Fix: Replaced blocking operations with async task spawning:
// Before (blocking - BAD):
let mut gossip = gossip_handle.blocking_write();
gossip.handle_message(gossip_msg)?;
// After (async - GOOD):
tokio::spawn(async move {
let mut gossip = gossip_handle.write().await;
if let Err(e) = gossip.handle_message(gossip_msg) {
warn!("Failed to handle message: {}", e);
}
});
Impact:
- Applied to all message handlers: Gossip, Subscribe, Unsubscribe
- Prevents thread pool exhaustion under high load
- Maintains async/await best practices throughout
3. TLS Certificate Verification Disabled
Severity: Critical File: `icn-net/src/tls.rs:81-195`
Vulnerability: Custom DidCertificateVerifier accepted all certificates without validation, enabling trivial MITM attacks and peer impersonation.
Fix: Implemented comprehensive certificate validation:
impl DidCertificateVerifier {
fn extract_did_from_cert(cert: &CertificateDer) -> Result<String, rustls::Error> {
// Parse X.509 certificate using x509-parser
let (_, parsed_cert) = X509Certificate::from_der(cert)?;
// Extract DID from Subject Alternative Name (SAN)
if let Ok(Some(san_ext)) = parsed_cert.subject_alternative_name() {
for name in &san_ext.value.general_names {
if let GeneralName::DNSName(dns) = name {
if dns.starts_with("did:icn:") {
return Ok(dns.to_string());
}
}
}
}
Err(rustls::Error::General("No DID found in certificate SAN"))
}
fn check_expiration(cert: &CertificateDer, now: UnixTime) -> Result<(), rustls::Error> {
let (_, parsed_cert) = X509Certificate::from_der(cert)?;
let current_time = UNIX_EPOCH + Duration::from_secs(now.as_secs());
let not_before = parsed_cert.validity().not_before.to_datetime();
let not_after = parsed_cert.validity().not_after.to_datetime();
if current_time < not_before {
return Err(rustls::Error::General("Certificate not yet valid"));
}
if current_time > not_after {
return Err(rustls::Error::General("Certificate expired"));
}
Ok(())
}
}
Validation steps:
- Parse X.509 certificate structure
- Extract DID from Subject Alternative Name
- Validate DID format (
did:icn:*) - Check certificate validity period (not before/after)
- Log verification for security audit trail
Current limitations:
- ⚠️ Does NOT yet integrate with trust graph (TODO)
- Accepts all valid DID certificates regardless of trust score
- Self-signed certificates accepted (required for P2P architecture)
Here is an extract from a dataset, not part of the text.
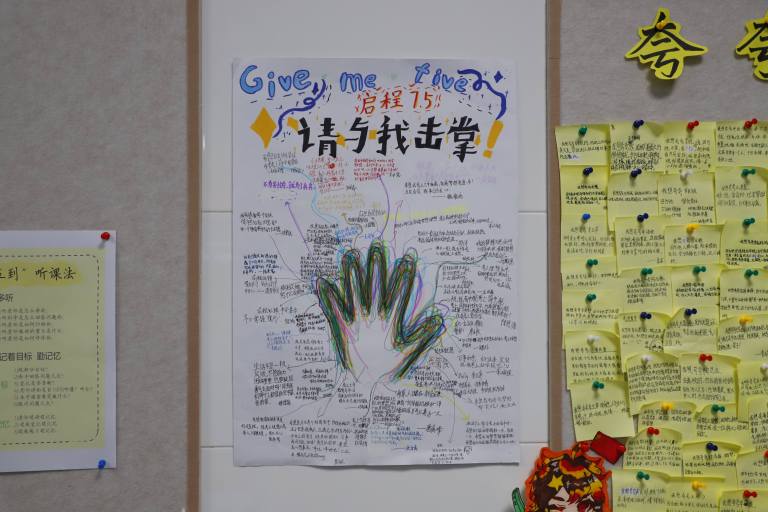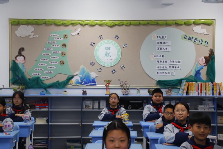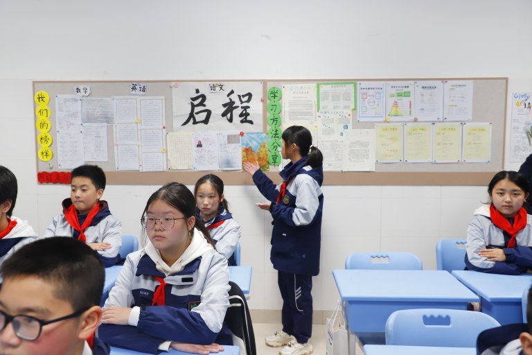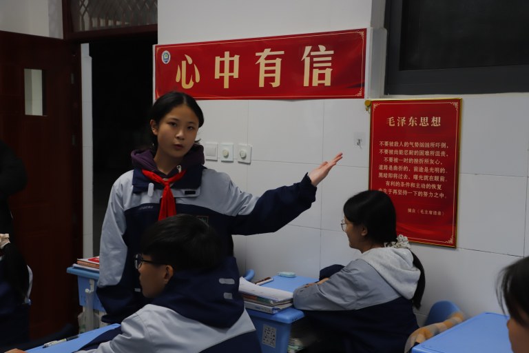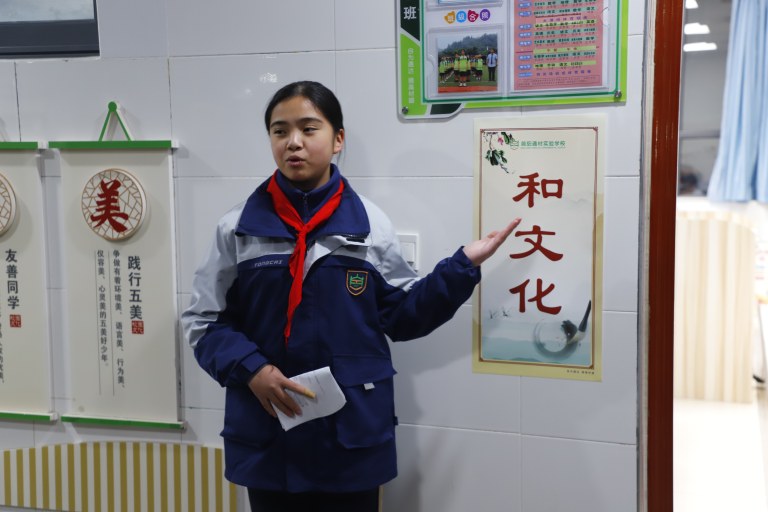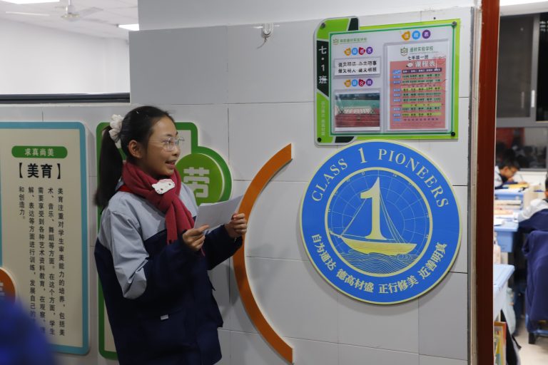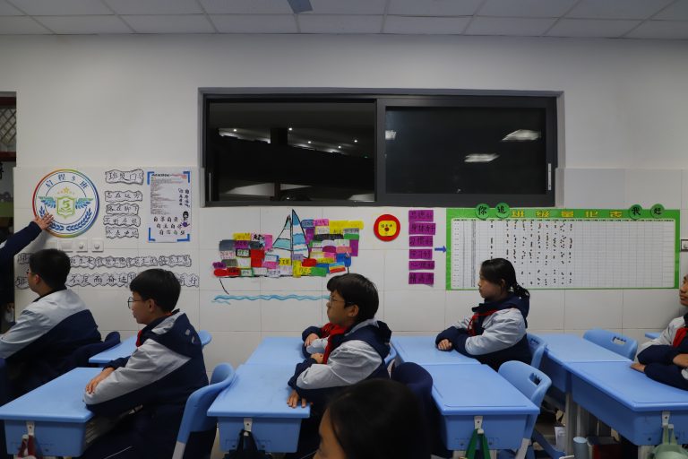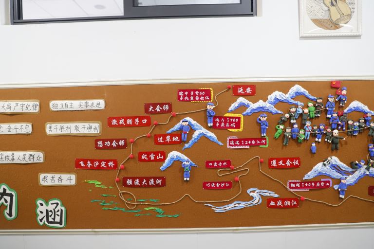 走进各班教室,处处皆是惊喜。有的班级以“书香致远”为主题,打造错落有致的图书角,整齐摆放的书籍旁点缀着学生的读书心得,笔墨书香扑面而来;有的班级聚焦“成长赋能”,精心设计“星光闪耀”荣誉墙、“梦想启航”心愿栏,将学生的优秀作品、进步足迹一一展示,让每一面墙壁都成为激励成长的“无声导师”;还有的班级融入学科特色,数学公式手抄报、英语主题黑板报、科学实验成果展相映成趣,将知识学习与文化布置深度融合,让教室成为学科实践的“第二课堂”。

Dependencies added: x509-parser = "0.16"
8. Social Recovery Ledger Transfer Bug
Severity: Critical File: `icn-ledger/src/ledger.rs:469-484` Status: Fixed (2025-11-17)
Vulnerability: The transfer_balances_for_recovery() function had inverted debit/credit logic, causing ALL social recovery operations to incorrectly transfer balances.
Broken behavior:
// BEFORE (INCORRECT):
let entry = if *balance > 0 {
JournalEntryBuilder::new(new_did.clone())
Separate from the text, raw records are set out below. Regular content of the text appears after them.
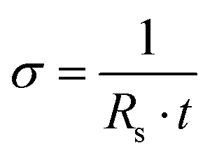 The sheet resistance of the films was measured in dry conditions at room temperature with the Van der Pauw (VDP) method using a Keithley 4200 with probe station MPI-TS200 (Tektronix Inc., USA) and a 4-probe setup using tungsten probes (Picoprobes ST-20-2). To facilitate the measurements, we fabricated specialised test structures to aid the contacting of the conductive polymer film. The test structures comprised metal pads (Ti/Au) contacting the edges of a 500 µm wide square of conductive polymer film. The structures were fabricated on a PaC-coated wafer with the process described earlier, and the conductive polymer squares were structured via dry etching. The conductivity of the films was estimated from the sheet resistance and the film thickness using eqn (5):
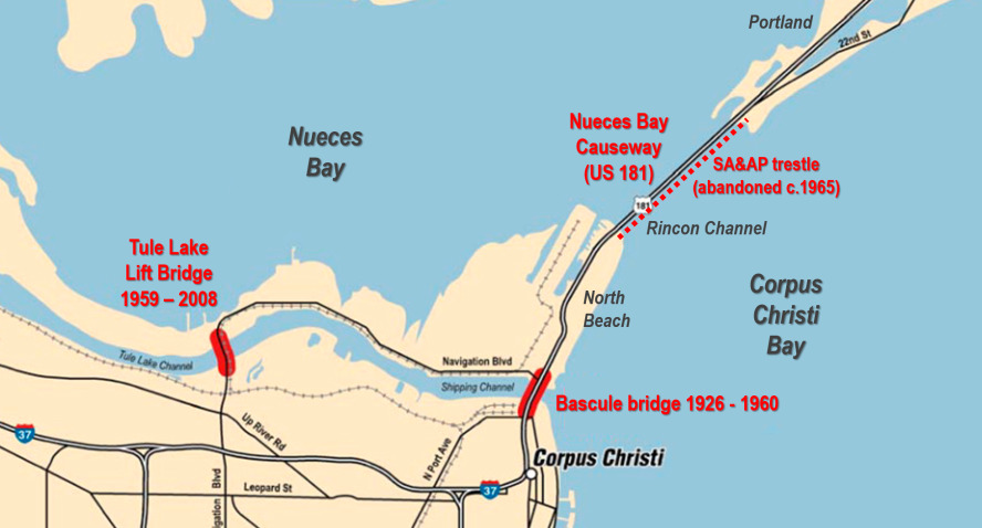 Bridge to UP's main line to Odem was built so that the Lift Bridge could be
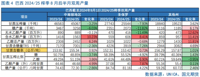 2.1 巴西2024/25榨季8月后半月雙周產(chǎn)糖量同比繼續(xù)下降
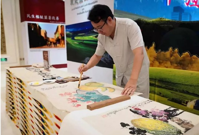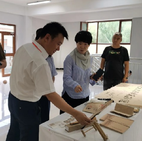 新疆國畫院展出的桑皮紙文創產品吸引遊客觀看
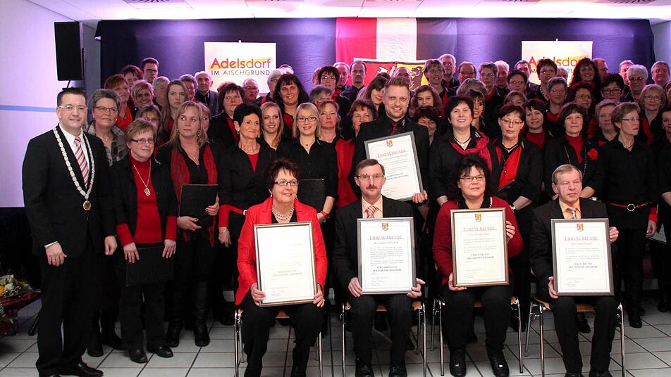 Am vergangenen Freitag Abend verlieh Adelsdorfs Bürgermeister Karsten Fischkal (FW) im Namen des Gemeinderates in der Aischgrundhalle eine Bürgermedaille, drei Ehrenurkunden an verdiente Persönlichkeiten und eine Ehrenurkunde für Gruppen an den Musik- und Gesangverein. Der ganze Abend war ein großes Lob auf das Ehrenamt.
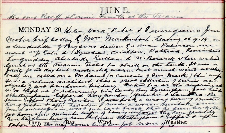 Helen, Dora1, Peter2 + I were given a fine motor trip today by Mrs Mackintosh3. Leaving at 9.15 in a landaulette of Bryson’s4 driven by a man Paterson we went up Gala5 to Tynehead, Crichton, Pathhead, Pencaitland, Longniddry, Aberlady, Gullane to N. Berwick where we had lunch at the Marine Hotel6 + a stroll on the Links. It was a fairly good day but moderately warm + not much wind. At Aberlady we called on a Mr Lamb7 (a cousin of Mrs Mack’s) + his wife. He is a retired architect + has a great collection of curios and objects of art + natural history. We had tea at the marina at 4.30 + left at 5 returning via Canty Bay8, Tyninghame, East Linton, Whittinghame, Gifford, Long Newton, Humbie + Soutra. Between Gifford and Long Newton I took a wrong turning + after Leaston9 I made a worse mistake + found ourselves in wood on a cart track + had to turn back. We got home a few minutes before 9 having enjoyed the run greatly. There had been heavy rain between Whittinghame + Gifford + after Oxton all the way home but we got none of it.
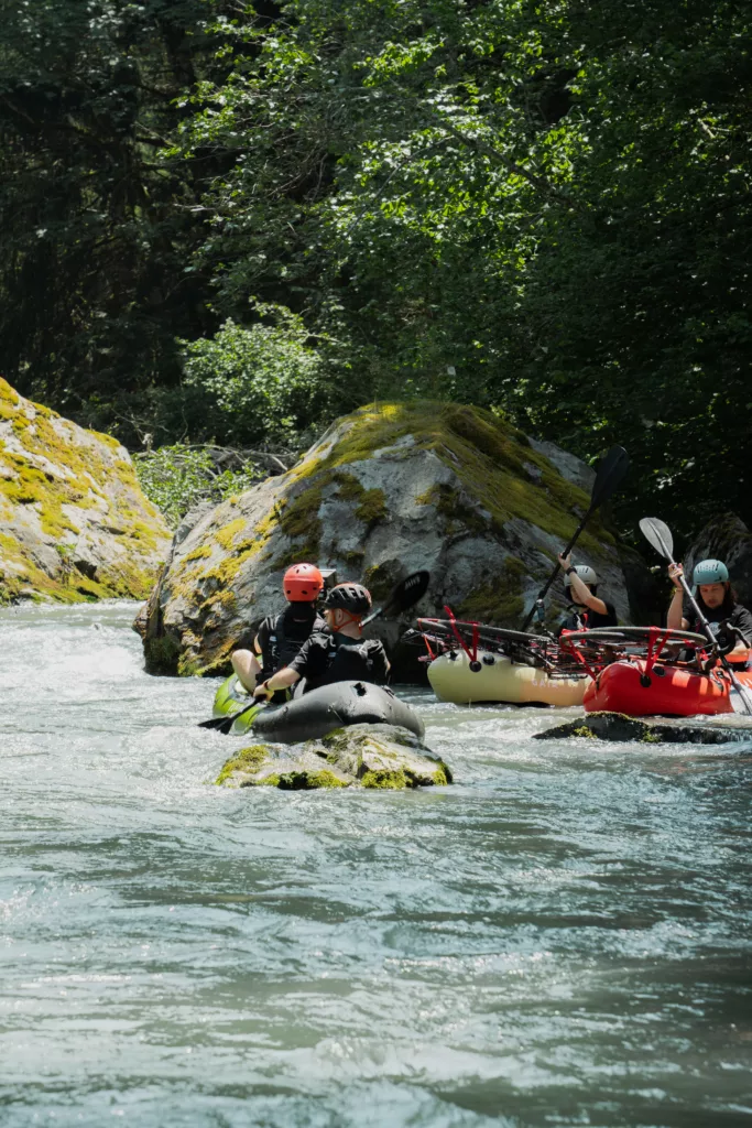 L’eau vive n’aime pas la solitude. Descendre à deux ou plus change tout : un œil pour repérer, une main pour aider, une décision qui se prend ensemble quand le courant s’accélère. Et c’est souvent là que les belles histoires se créent aussi : éclats de rire, petites galères, passages mémorables. L’aventure est meilleure quand elle se partage !
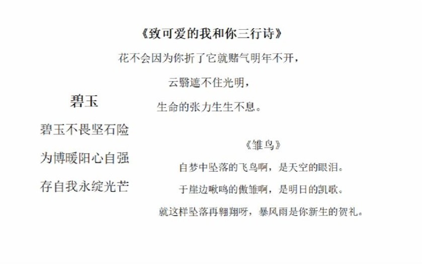 “致可爱的我和你”三行诗作品
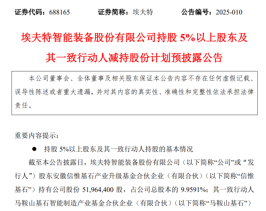 作为国产工业机器人头部企业,2月10日晚间,埃夫特发布了5%以上股东及其一致行动人减持股份计划预披露公告。两大股东同时宣布,各减持不超过782.67万股,合计减持比例不超过公司总股本的3%。
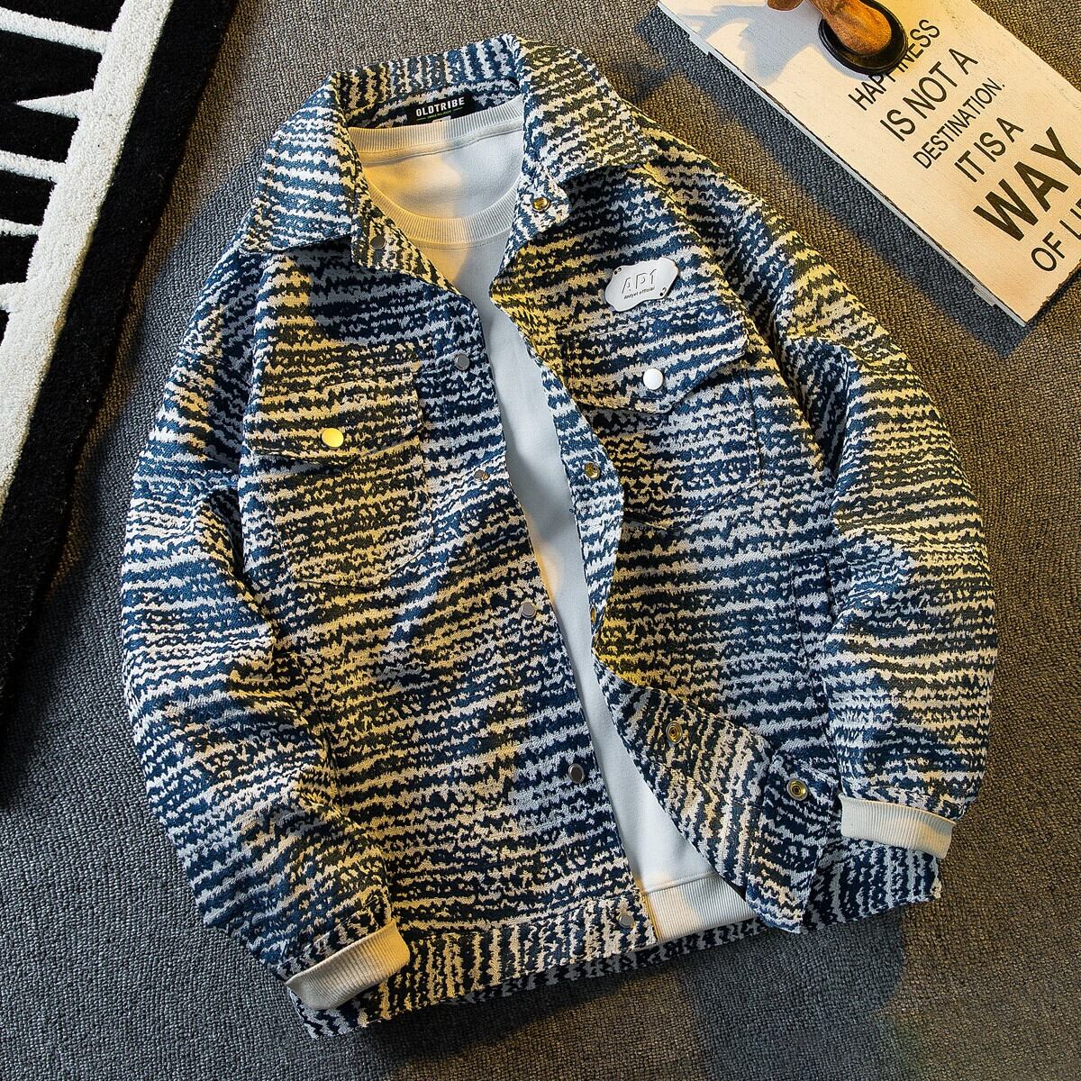 Hengpai トレンディなレトロツイード小さな香りのよいジャケットメンズ春服ハイエンドのハンサムなカップルルーズラペルジャケット スプリング 春物 3381968164153736

.debit(old_did.clone(), currency.clone(), *balance) // WRONG: increases old_did!
.credit(new_did.clone(), currency.clone(), *balance) // WRONG: decreases new_did!
.build()?
}
Impact:
- Old DID: Balance would double instead of zeroing (100 → 200)
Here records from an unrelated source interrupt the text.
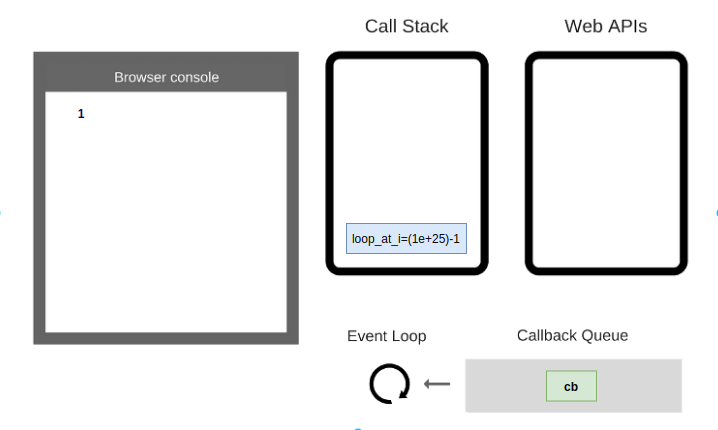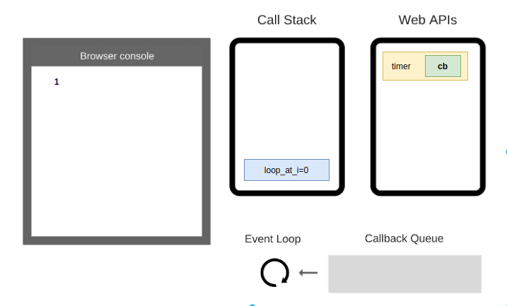 - stack trống, event loop đẩy
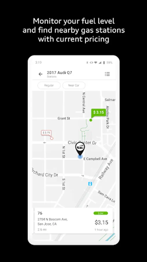 Easily monitor your car’s fuel level and get a list of nearby gas stations, sorted by price or distance.
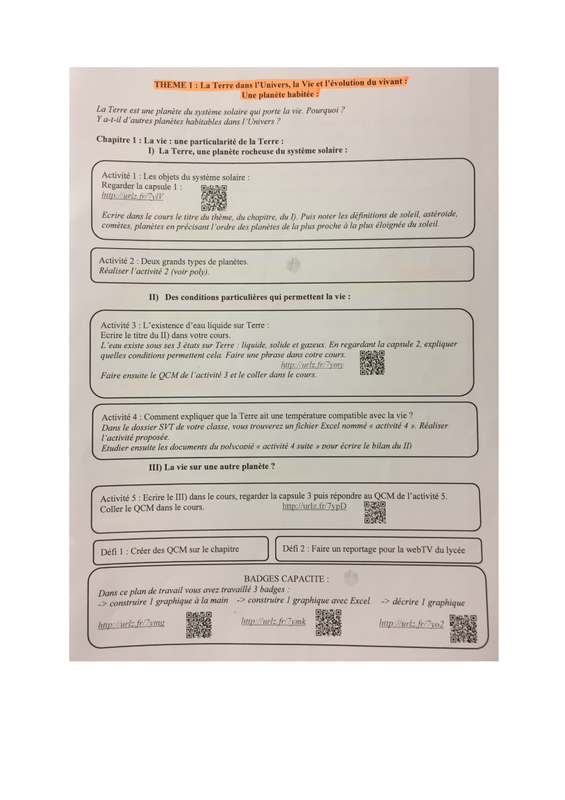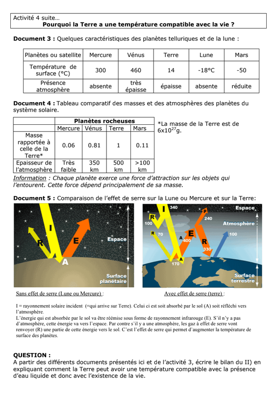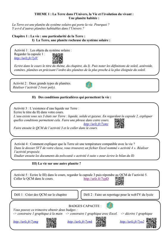 THEME 1 La Terre dans l'Univers, la Vie et l'évolution du vivant : Une planète habitée :

- New DID: Would receive negative balance instead of positive (-100 instead of +100)
- Accounting: Every recovery would create permanent accounting errors
- User Experience: Catastrophic - users would lose their balances during recovery
Example failure scenario:
- Alice has +100 hours balance, loses device
- Creates new identity, initiates social recovery
- Trustees attest, recovery finalizes
- Expected: Old DID: 100→0, New DID: 0→100
- Actual (broken): Old DID: 100→200, New DID: 0→-100
- Alice now has -100 hours (debt!) instead of her 100 hours credit
Fix:
// AFTER (CORRECT):
let entry = if *balance > 0 {
// old_did has positive balance (+100 means they have credit)
// Transfer it to new_did: reduce old_did's balance, increase new_did's balance
JournalEntryBuilder::new(new_did.clone())
.credit(old_did.clone(), currency.clone(), *balance) // Reduce old_did's balance ✅
.debit(new_did.clone(), currency.clone(), *balance) // Increase new_did's balance ✅
.build()?
}
Root cause: Confusion between mutual credit semantics and traditional accounting:
- In mutual credit:
debitincreases assets (receiving credit) - The transfer logic incorrectly debited the old account (giving it more credit)
Discovery: Found during integration test debugging for test_full_recovery_flow
Test coverage: Integration test now validates:
- Old DID balance reduces to 0 after transfer
- New DID receives full balance (100 hours)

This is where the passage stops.